- **What you have to do**: Where an entry holds an image, skip the image but reproduce the rest word for word.
BEGIN Data in this exercise
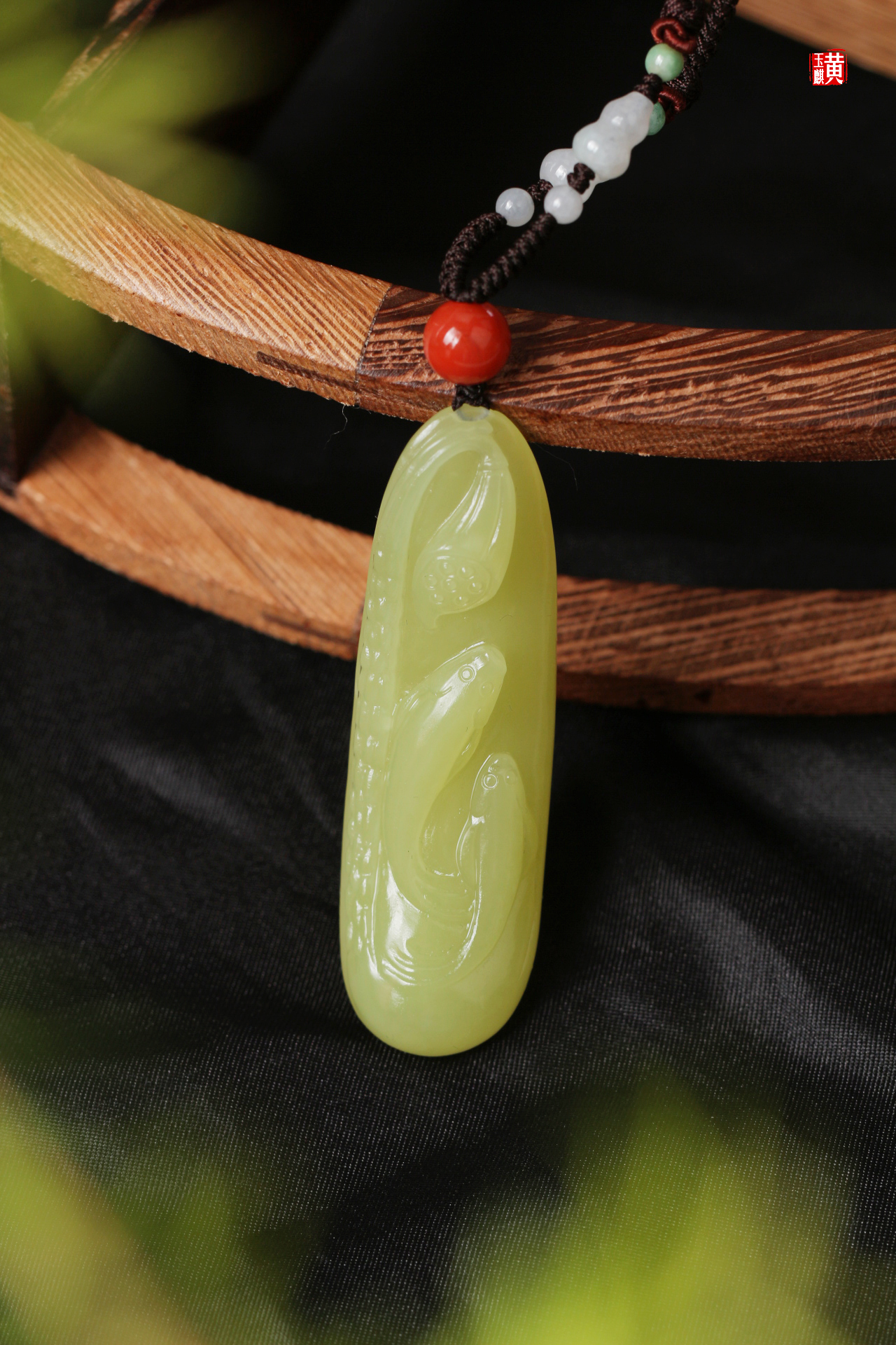 和田玉黄玉金鱼吊坠 【连年有鱼】 配精美编织挂绳
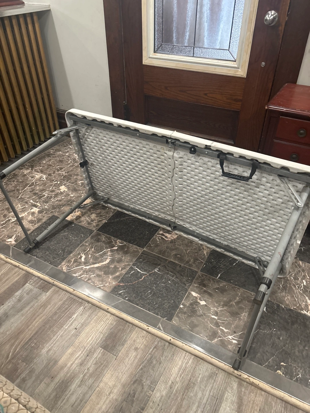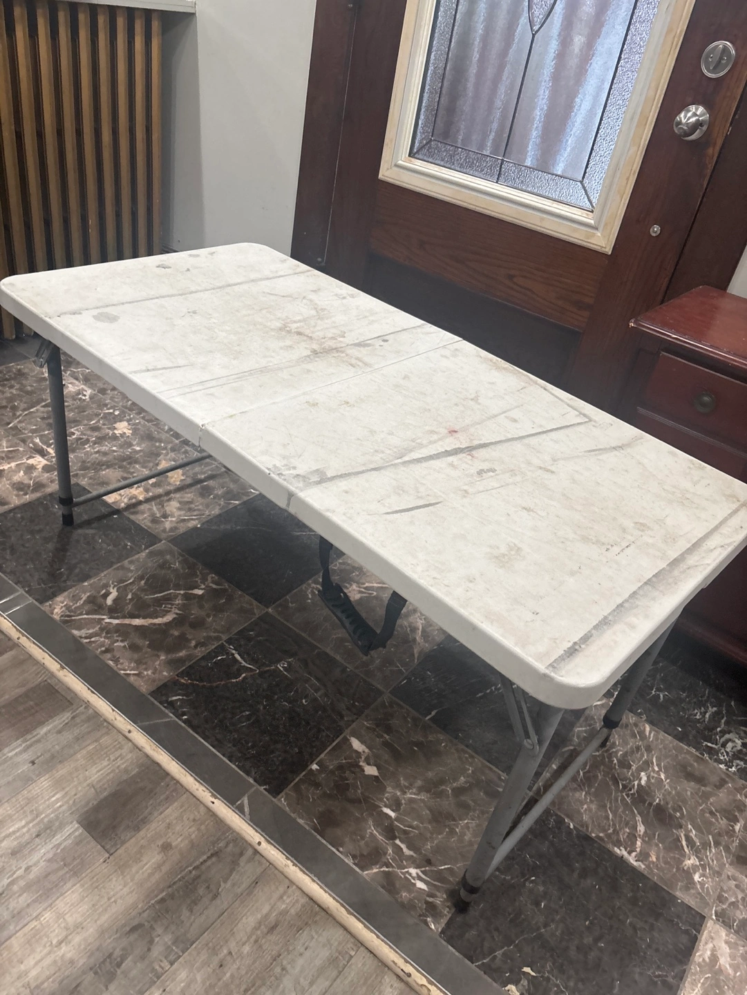 Lightweight, foldable table. Grey plastic top and metal legs. Some minor markings on the surface. Great for indoor or outdoor use.
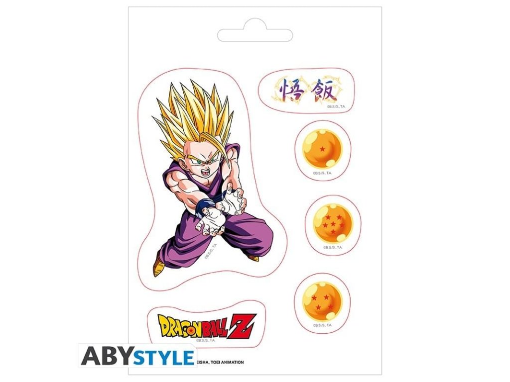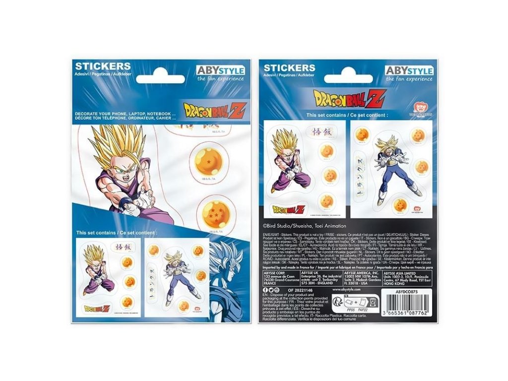 Sada obsahuje 2 aršíky samolepek s postavami a motivy z oblíbené japonské mangy Dragon Ball Z. Samolepkami si můžete vyzdobit váš laptop nebo smartphone.
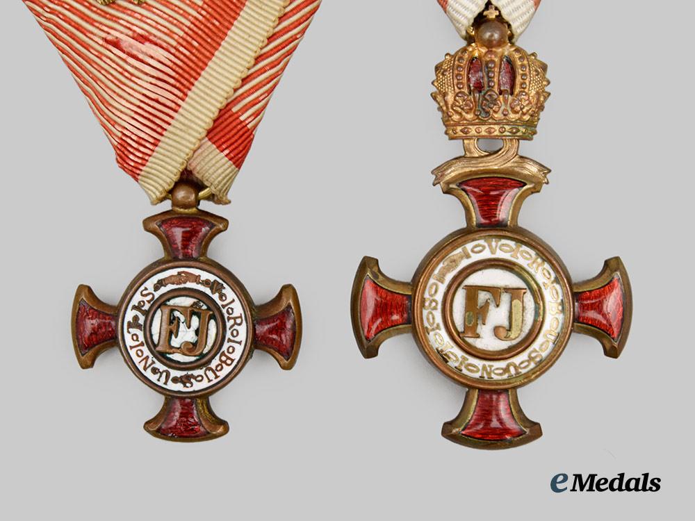 1. A Merit Cross “1849”. Constructed of gilded bronze with red enamels, consisting of a Ruppert Cross with red enameled arms, the obverse with a central medallion bearing a central gilt monogram of Franz Joseph I, circumscribed by an inscription of “Viribus Unitis” (United Forces) in capitalized Latin, the reverse with a central medallion bearing the institution year of “1849”, on an affixed loop and swivel ring for suspension from its period original tri-fold ribbon with crossed swords, marked “K. Böhm, Wien”, measuring 36.1 mm (w) x 56.8 mm (l), weighing 14.08 grams, the central roundel piece is loose and prone to falling out, in better than fine condition.
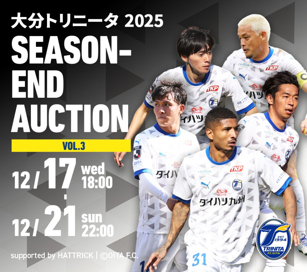 12月3日(水)~12月21日(日)の期間、【2025シーズンエンドオークション】をスポーツ専門公式オークションサイト「HATTRICK」にて実施することが決定いたしましたので下記の通りお知らせいたします。
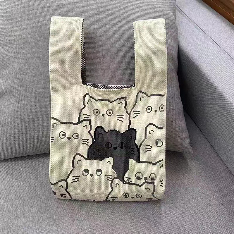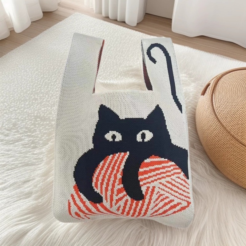 Главная страница > Новая стильная женская сумка из трикотажной ткани, вязаная шерстяная сумка-ведро, универсальная повседневная сумка-тоут в корейском и японском стиле, сумка для обеда.
END Data in this exercise
- **Solved problem**:
 和田玉黄玉金鱼吊坠 【连年有鱼】 配精美编织挂绳
 Lightweight, foldable table. Grey plastic top and metal legs. Some minor markings on the surface. Great for indoor or outdoor use.
 Sada obsahuje 2 aršíky samolepek s postavami a motivy z oblíbené japonské mangy Dragon Ball Z. Samolepkami si můžete vyzdobit váš laptop nebo smartphone.
 1. A Merit Cross “1849”. Constructed of gilded bronze with red enamels, consisting of a Ruppert Cross with red enameled arms, the obverse with a central medallion bearing a central gilt monogram of Franz Joseph I, circumscribed by an inscription of “Viribus Unitis” (United Forces) in capitalized Latin, the reverse with a central medallion bearing the institution year of “1849”, on an affixed loop and swivel ring for suspension from its period original tri-fold ribbon with crossed swords, marked “K. Böhm, Wien”, measuring 36.1 mm (w) x 56.8 mm (l), weighing 14.08 grams, the central roundel piece is loose and prone to falling out, in better than fine condition.
 12月3日(水)~12月21日(日)の期間、【2025シーズンエンドオークション】をスポーツ専門公式オークションサイト「HATTRICK」にて実施することが決定いたしましたので下記の通りお知らせいたします。
 Главная страница > Новая стильная женская сумка из трикотажной ткани, вязаная шерстяная сумка-ведро, универсальная повседневная сумка-тоут в корейском и японском стиле, сумка для обеда.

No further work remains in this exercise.